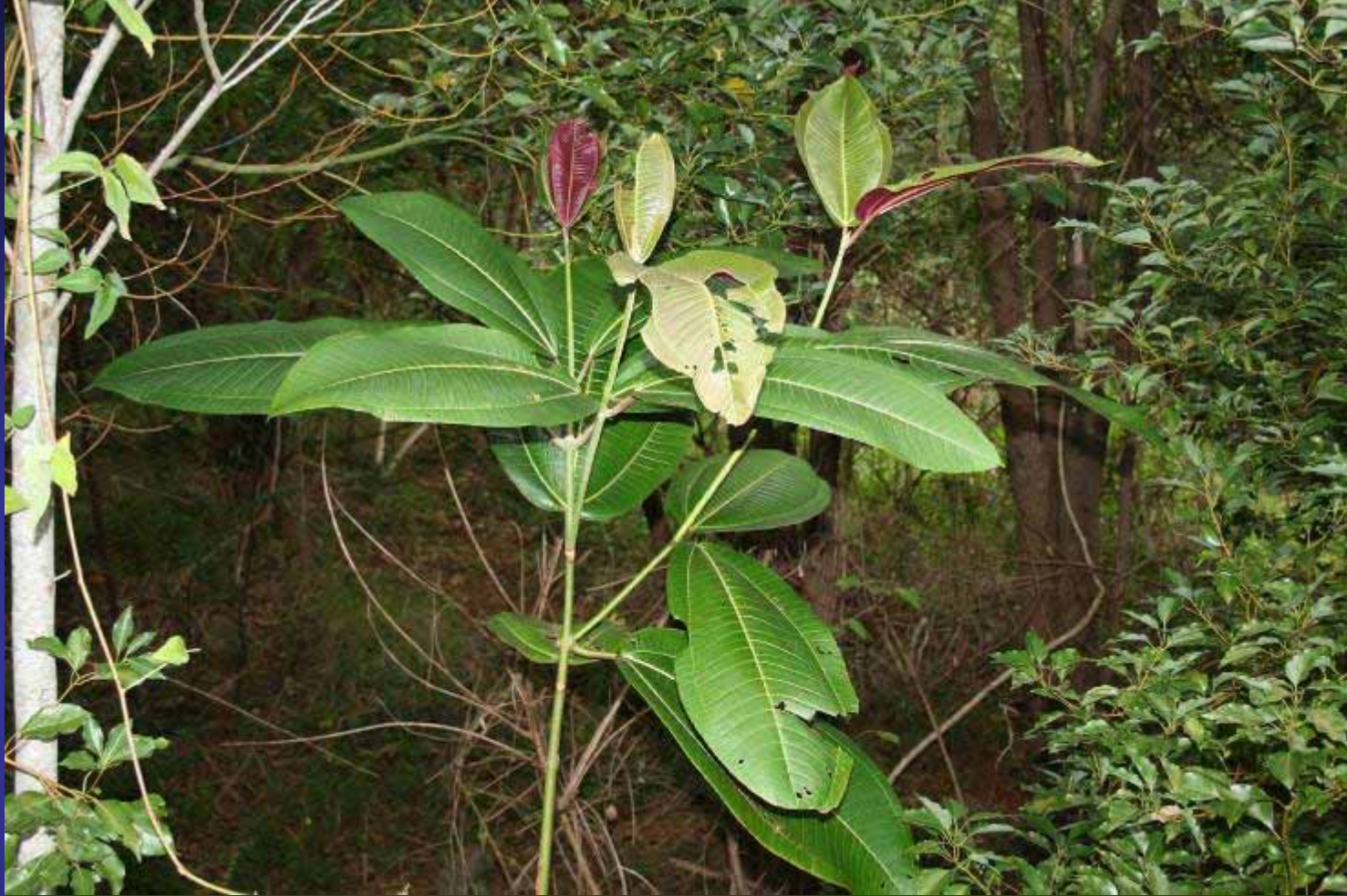
Miconia calvenscens – Miconia
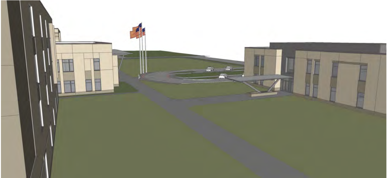
Education Building Canopy Area
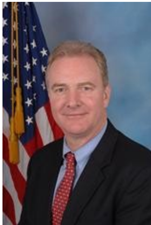
United States Representative Chris Van Hollen (D-MD)

Cloaked under the populist rhetoric of campaign finance "reform" the legislation is proving to be anything but. As Representative Van Hollen has consulted with lobbyists from such diverse groups as Democracy 21 and the National Rifle Association, the legislation has become a series of carve outs for special interests. First and foremost the DISCLOSE Act
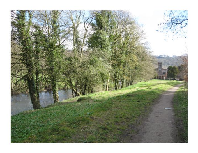
The Derwent riverbank looking towards St Mary's Church.

This was originally part of Willersley Castle's Park, landscaped for Richard Arkwright I & II by John Webb. Early engravings reveal that the design concept was of riverside meadows with scattered groups of ornamental trees, but hardly any riverbank trees. It is desirable for the original design concept to be reinstated, giving the church back its original setting. The unspoilt dramatic landscape setting is of immense importance.
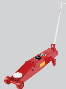
Model 3130 10 Ton Heavy Duty Service Jack

Guilderland Center, NY - 1-800-255-0555 - www.affjaxx.com
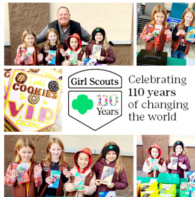
Girl Scouts Cookies VIP
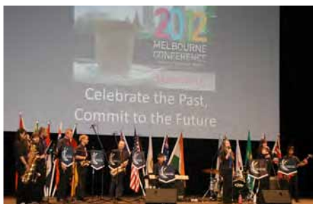
Victoria University Brimbank Campus Stage Band
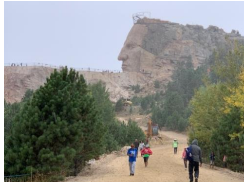
Doing the walk on a wide trail—a little rainy that day.
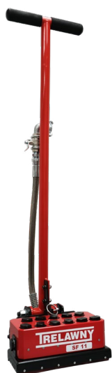
SF11 pneumatic deck hammer
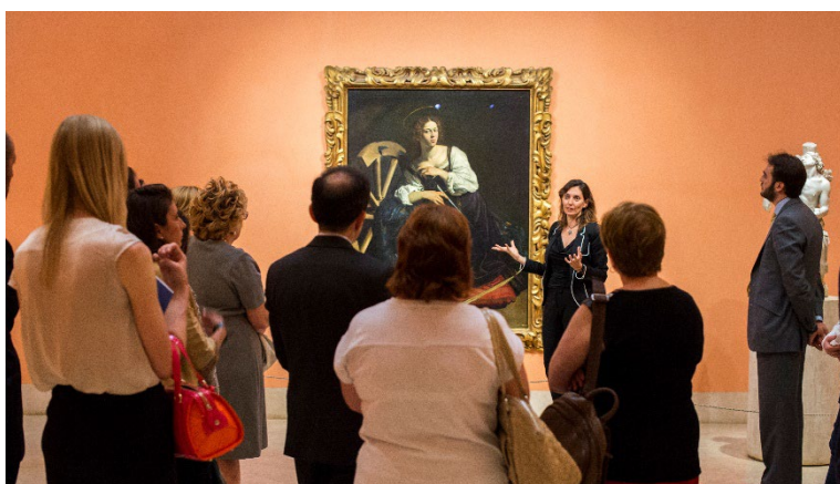
Private tours of the Thyssen-Bornemisza permanent collection and the Carmen Thyssen collection during summer opening hours and on Saturdays all year round, while the Cafeteria and temporary exhibitions remain open.
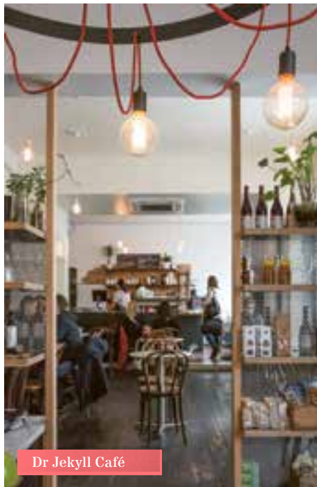
Dr Jekyll Café
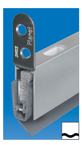
Option: Planet RH with Planet Drill hole 5×13 mm

Planet KR flush bolt, incl. strike plate, refer to chapter Flush bolt Drill hole. Option: floor recess plate 5×13 mm, narrow
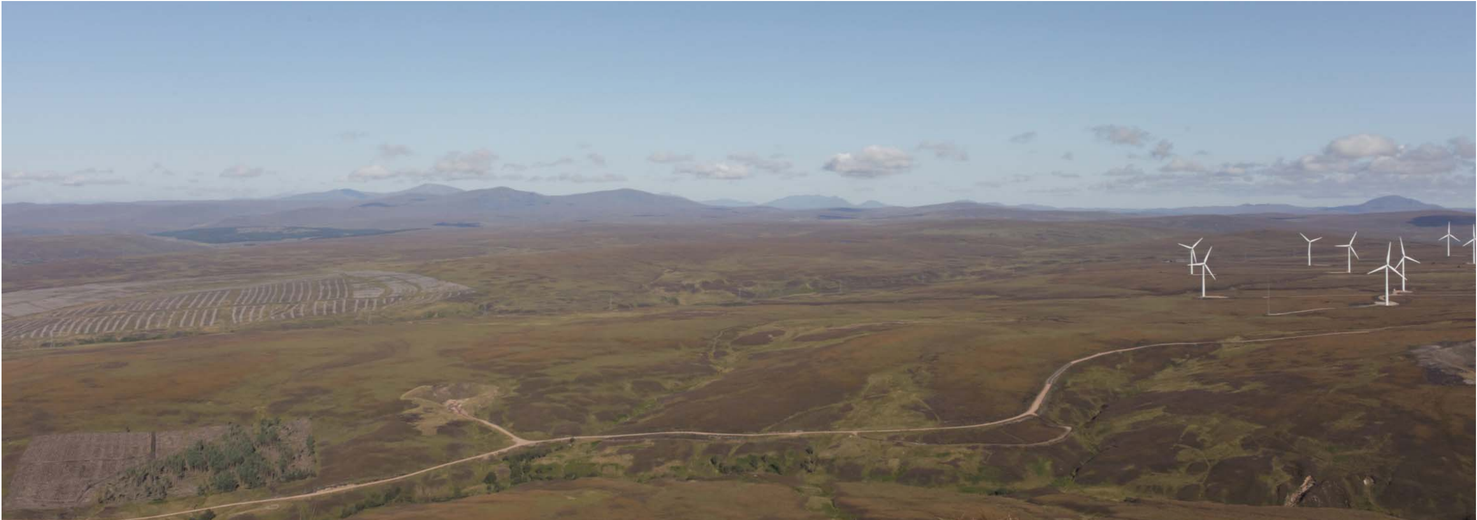
Viewpoint 1 Existing view
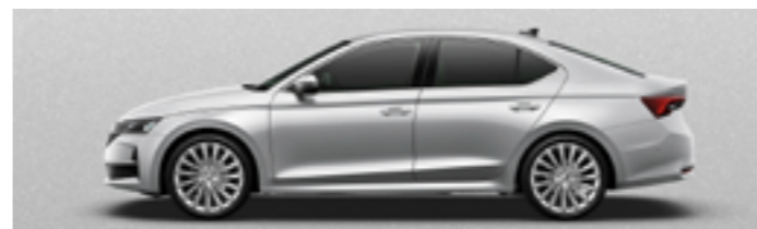
Brilliant silver metallic
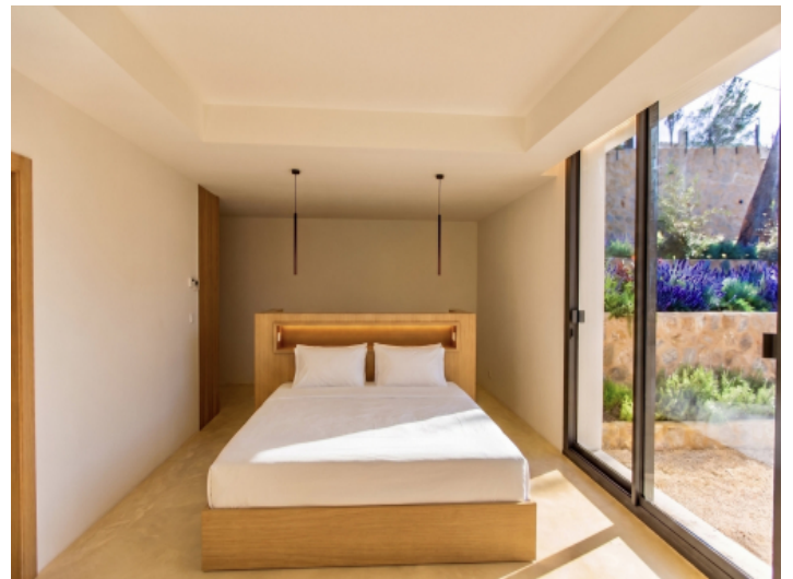
Bedroom with garden access
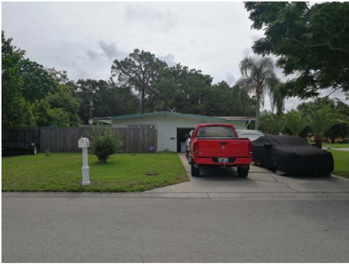
View looking east at subject property, 1015 Woodside Ave.
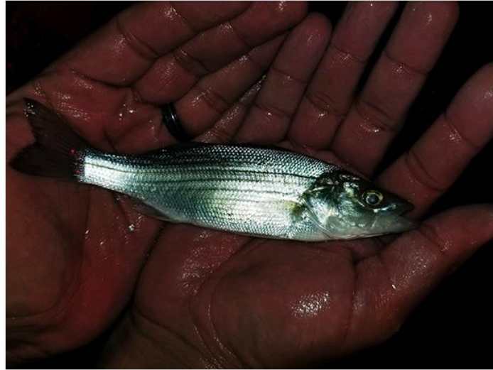
Fingerling striped bass.

for to determine if your catch is a striper or white bass: juvenile stripers are slenderer in shape compared to white bass, stripers have solid, darker horizontal lines on their tails in comparison to white bass and stripers have two parallel tooth patches on the back of the tongue whereas white bass only have one. If you are catching a lot of white bass and happen to catch a funny, skinny, darker-lined one, consider letting it go because there is a good chance it is a baby striper.
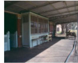
Wonthaggi Railway Station 2006
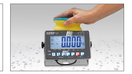
Stainless steel display device with IP68 protection, hygienic and easy to clean
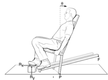
Figure 1: Experimental Setup

Twenty YA (10 females) and 20 OA (10 females) volunteers were tested (ages were 18-25 and 65-80 years, respectively). Seated subjects were asked to balance a custom high-backed chair for as long as possible over its rear legs, P (Fig. 1). Each performed five trials with eyes open. The ground reaction force under the dominant foot, which constituted the sole input to the system, was measured using a two-axis load cell. The position of three LEDs on the head and two on the chair were tracked using an Optotrak 3020 system. The error signal formed from the difference between the expected system
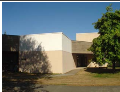
W Vertical Irregularity Primary
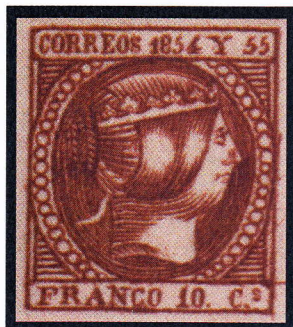
GENUINE (POSITION 33)
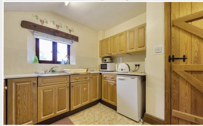
Garden Cottage Breakfast Kitchen
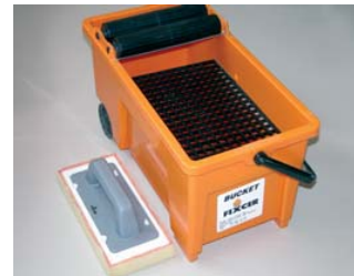
Use the FIX-BUCKET and the FIX-SPONGE .
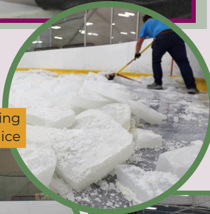
Removing the ice

Jay Lively Activity Center managed to complete many large projects during the annual cleaning and maintenance closure, including the removal of the entire sheet of ice in order to fix cracks in the surface. This project was a tremendous undertaking and could not have been done without the hard work of all the staff at Jay Lively who went above and beyond their normal duties. Sincere gratitude goes out to staff from JLAC as well as City Facilities for assisting with the complex projects. The fresh ice and clean facility have been appreciated by all.
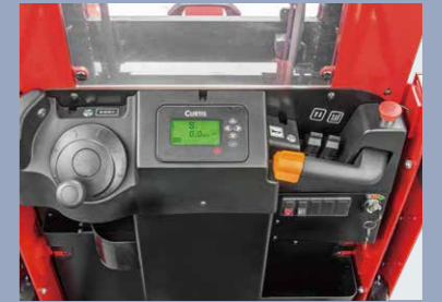
The FREE accelerator lever with sensor switch, as standard configuration, can prevent mis-operation during the work
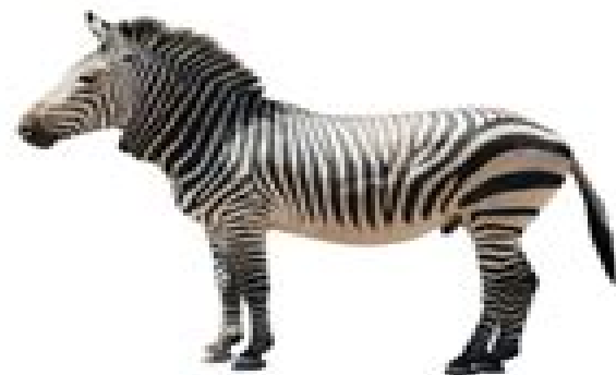
Mountain Zebra Equus zebra
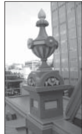
A restored roof spire atop the Stanford Mansion with the Resources Building (home to DPR Headquarters) in the background

basis for pre-restoration tours while plans to restore the home began. Those plans were halted when the state experienced a recession in the early 1990's. It soon became evident that there would not be sufficient state funds available to accomplish this project, and that's when the idea of a public-private partnership was pursued. In 1991, the Leland Stanford Mansion Foundation was incorporated and fundraising efforts began. This public-private partnership has through determination, perseverance, and commitment, continued to strive toward the goal of reviving the mansion for public service for over twelve years, through two administrations and several changes in Department leadership.
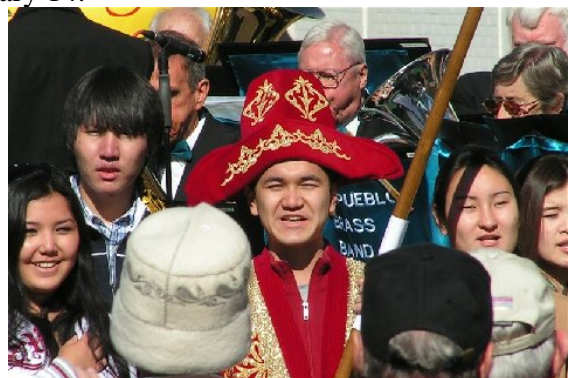
Kazakh students sing the national anthem in Tucson.
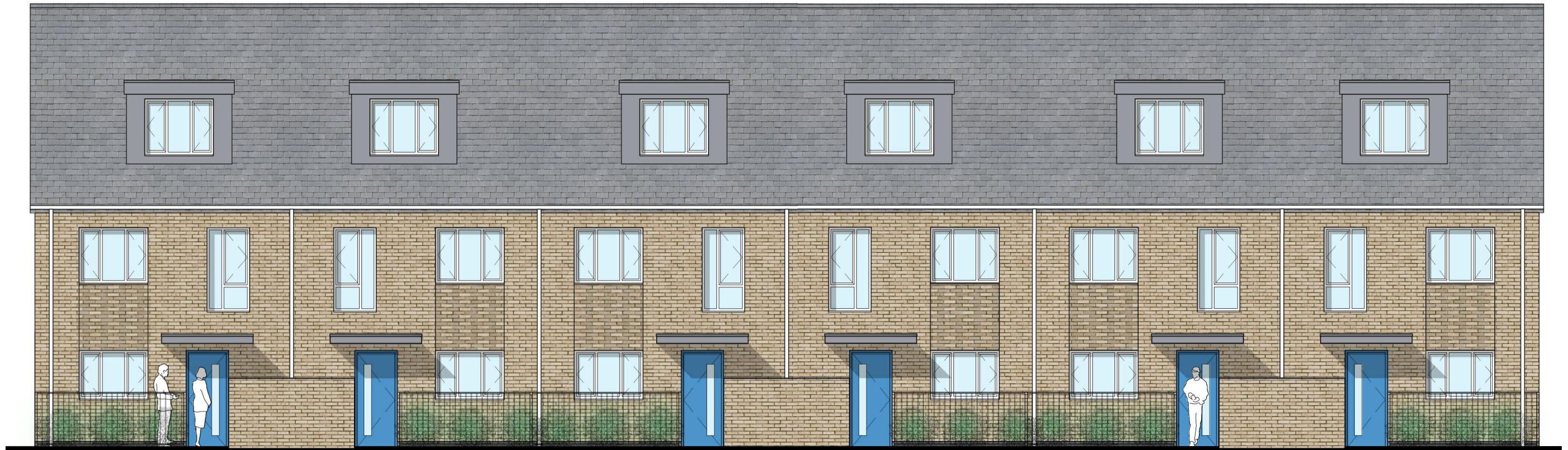
Houses Front Elevation

★ ★ ★

## What you need to do
Your reply should consist of one number: how many lines of the material above include the word "hole".

## Answer box
2